◆ **PROBLEM**:
Give again, word for word, each line of the data from the first through the one containing "El día finaliza". Pictures stay out.

Excerpts from a dataset:
═══

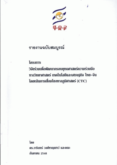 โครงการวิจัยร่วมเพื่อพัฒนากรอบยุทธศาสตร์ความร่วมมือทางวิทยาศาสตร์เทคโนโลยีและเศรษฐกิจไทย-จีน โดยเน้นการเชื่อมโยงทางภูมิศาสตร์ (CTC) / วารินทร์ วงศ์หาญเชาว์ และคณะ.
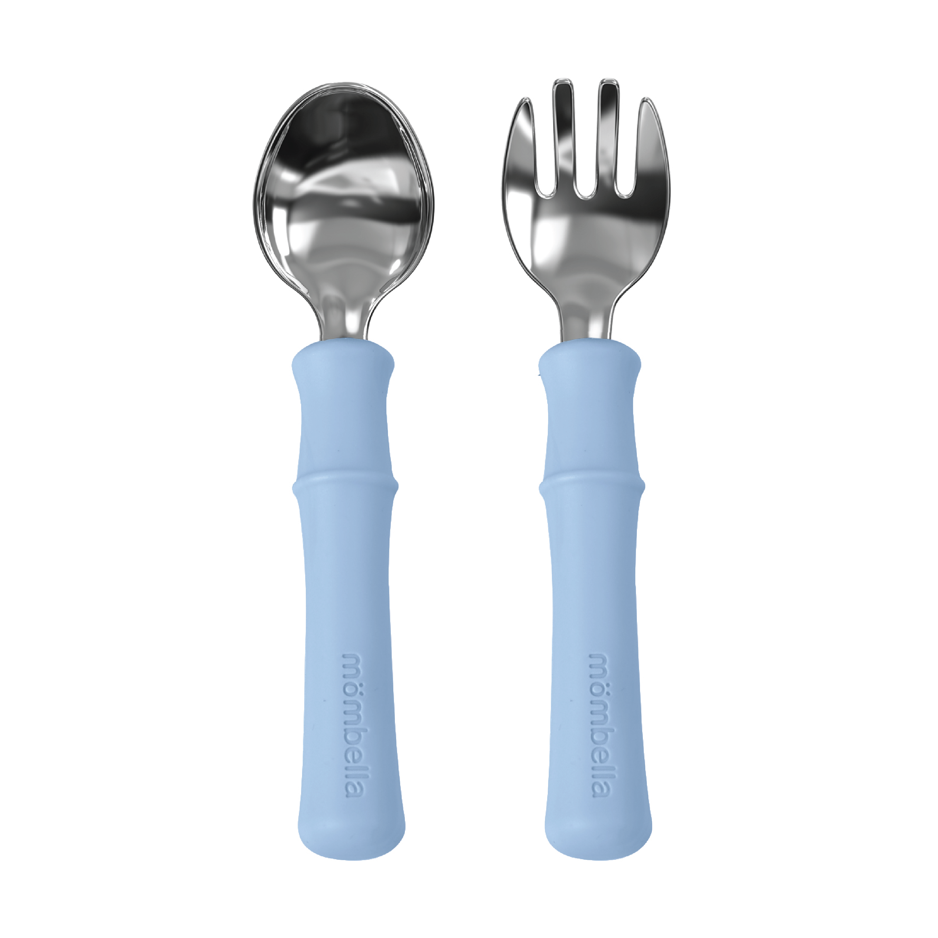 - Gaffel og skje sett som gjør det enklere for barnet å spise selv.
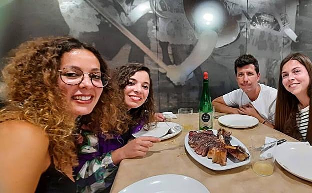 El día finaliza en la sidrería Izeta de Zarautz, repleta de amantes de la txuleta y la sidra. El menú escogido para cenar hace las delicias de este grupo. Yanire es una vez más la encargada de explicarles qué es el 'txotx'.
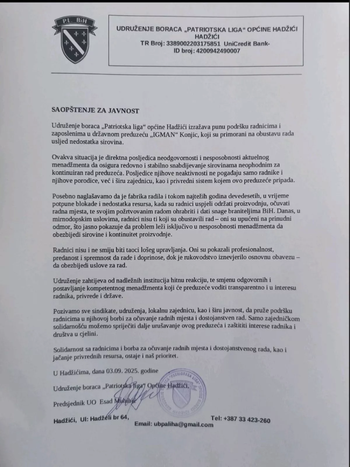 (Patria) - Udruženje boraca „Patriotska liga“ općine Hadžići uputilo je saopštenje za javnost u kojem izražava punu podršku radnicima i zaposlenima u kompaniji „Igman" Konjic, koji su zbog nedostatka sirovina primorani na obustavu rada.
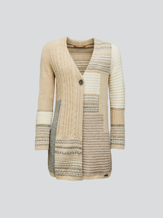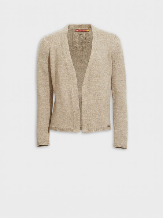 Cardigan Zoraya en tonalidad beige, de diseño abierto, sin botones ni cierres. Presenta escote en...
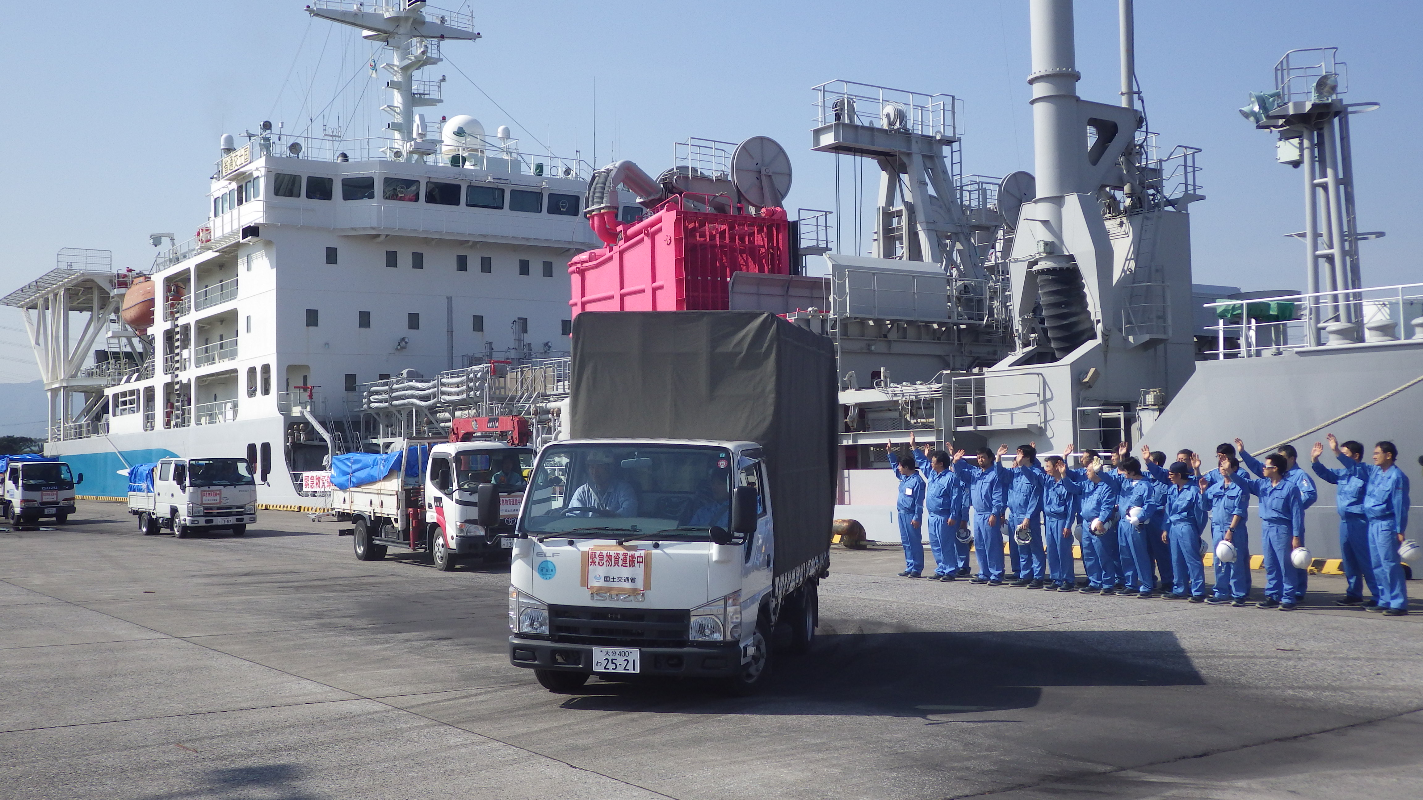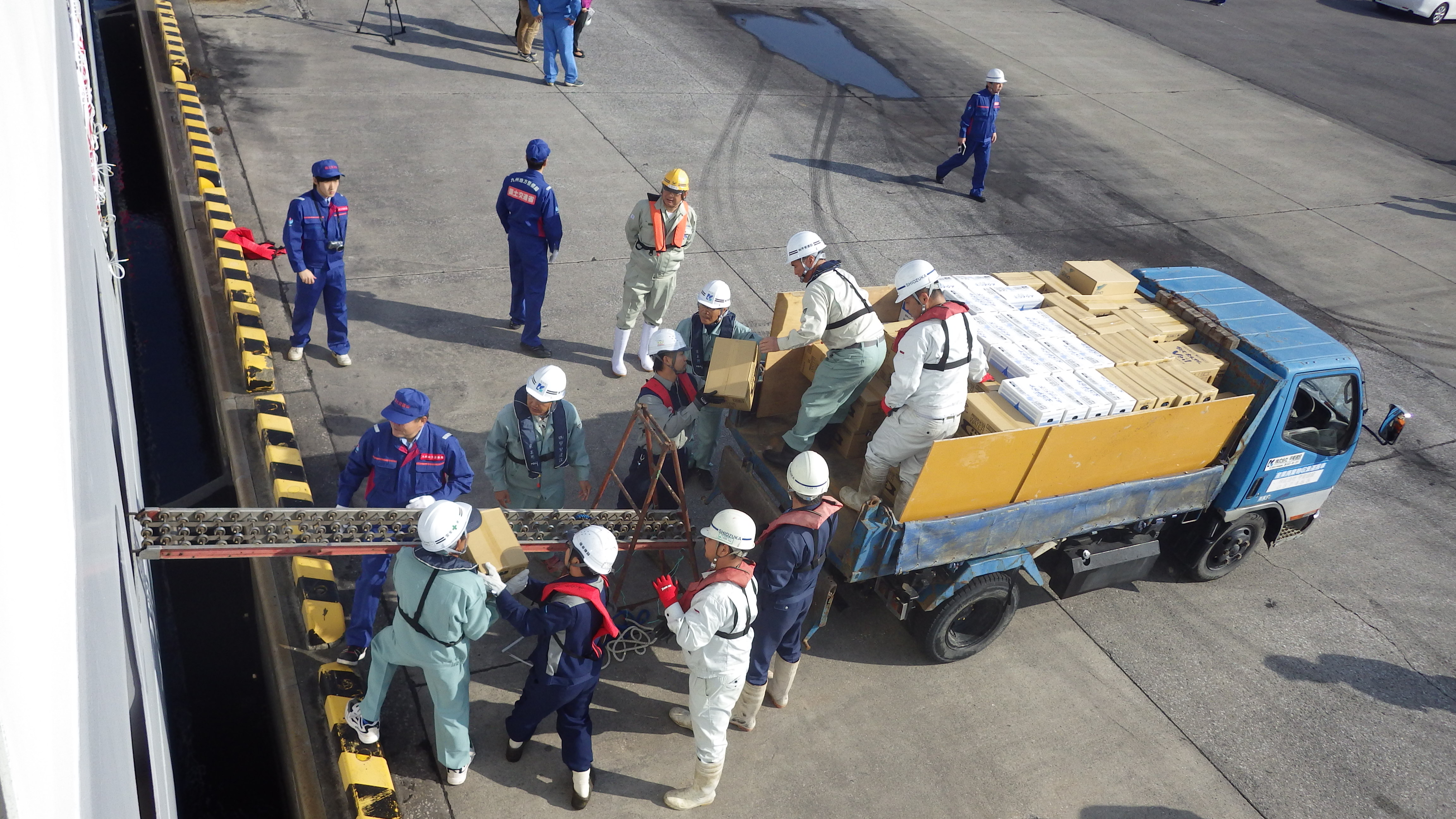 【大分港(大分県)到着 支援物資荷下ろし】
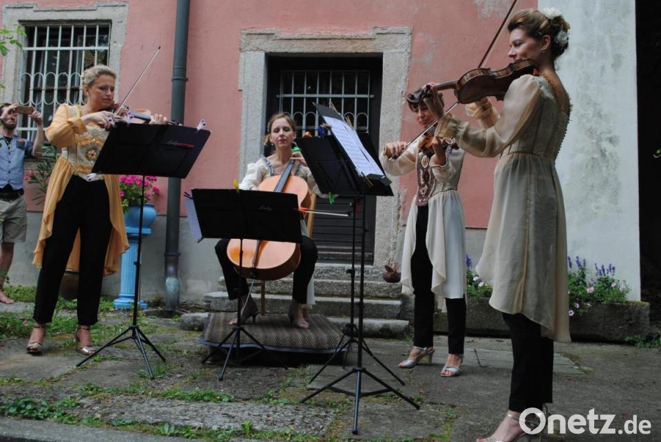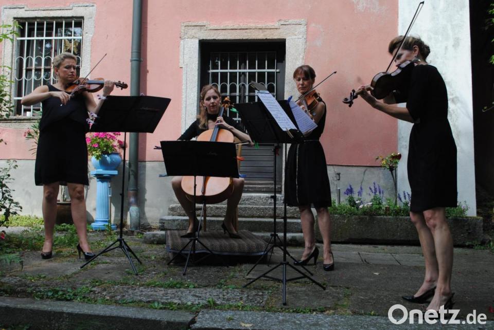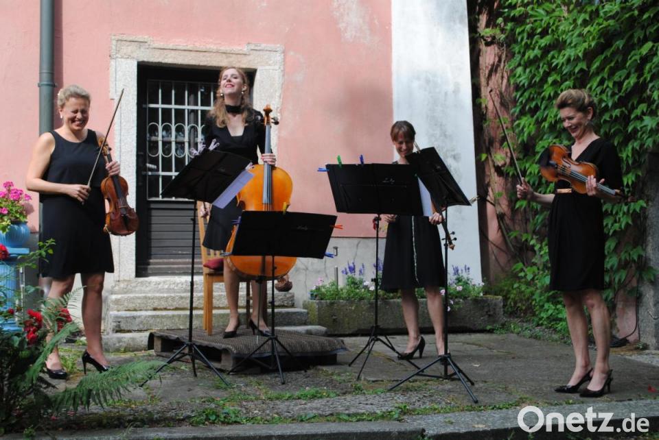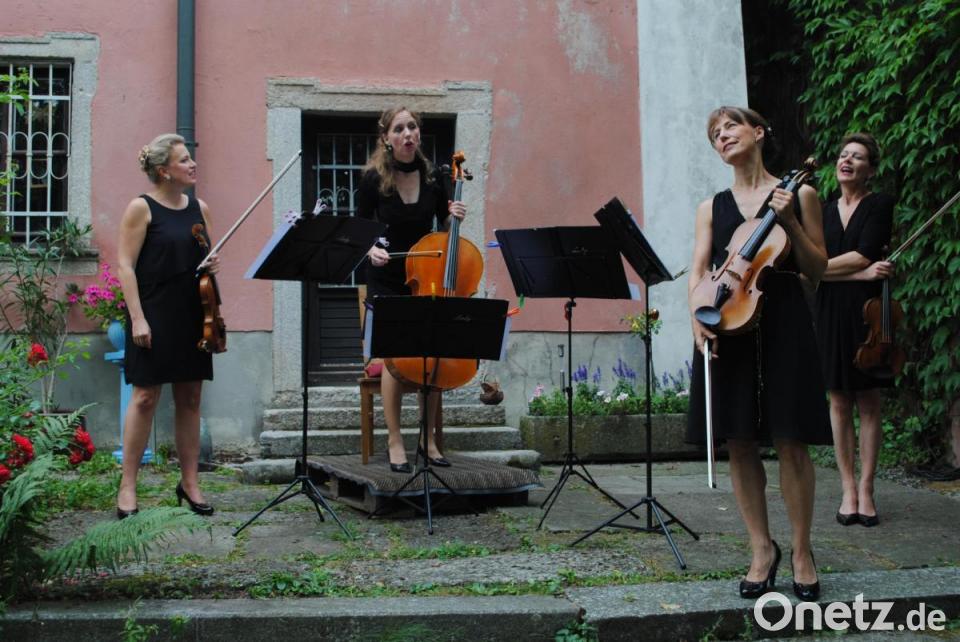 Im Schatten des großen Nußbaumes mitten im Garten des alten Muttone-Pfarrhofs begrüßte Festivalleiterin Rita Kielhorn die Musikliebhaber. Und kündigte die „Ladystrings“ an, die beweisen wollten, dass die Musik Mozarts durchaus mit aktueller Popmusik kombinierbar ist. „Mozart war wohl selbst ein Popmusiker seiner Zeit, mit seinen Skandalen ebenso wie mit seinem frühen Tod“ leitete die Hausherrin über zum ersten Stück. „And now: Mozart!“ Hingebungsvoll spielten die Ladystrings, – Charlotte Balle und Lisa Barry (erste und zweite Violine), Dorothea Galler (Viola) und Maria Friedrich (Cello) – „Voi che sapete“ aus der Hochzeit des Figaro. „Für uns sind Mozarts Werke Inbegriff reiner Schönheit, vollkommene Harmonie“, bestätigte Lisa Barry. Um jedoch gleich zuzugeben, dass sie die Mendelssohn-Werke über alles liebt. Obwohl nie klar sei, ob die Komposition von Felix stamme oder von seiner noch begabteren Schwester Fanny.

═══

◆ **FINISHED TASK**:
 โครงการวิจัยร่วมเพื่อพัฒนากรอบยุทธศาสตร์ความร่วมมือทางวิทยาศาสตร์เทคโนโลยีและเศรษฐกิจไทย-จีน โดยเน้นการเชื่อมโยงทางภูมิศาสตร์ (CTC) / วารินทร์ วงศ์หาญเชาว์ และคณะ.
 - Gaffel og skje sett som gjør det enklere for barnet å spise selv.
 El día finaliza en la sidrería Izeta de Zarautz, repleta de amantes de la txuleta y la sidra. El menú escogido para cenar hace las delicias de este grupo. Yanire es una vez más la encargada de explicarles qué es el 'txotx'.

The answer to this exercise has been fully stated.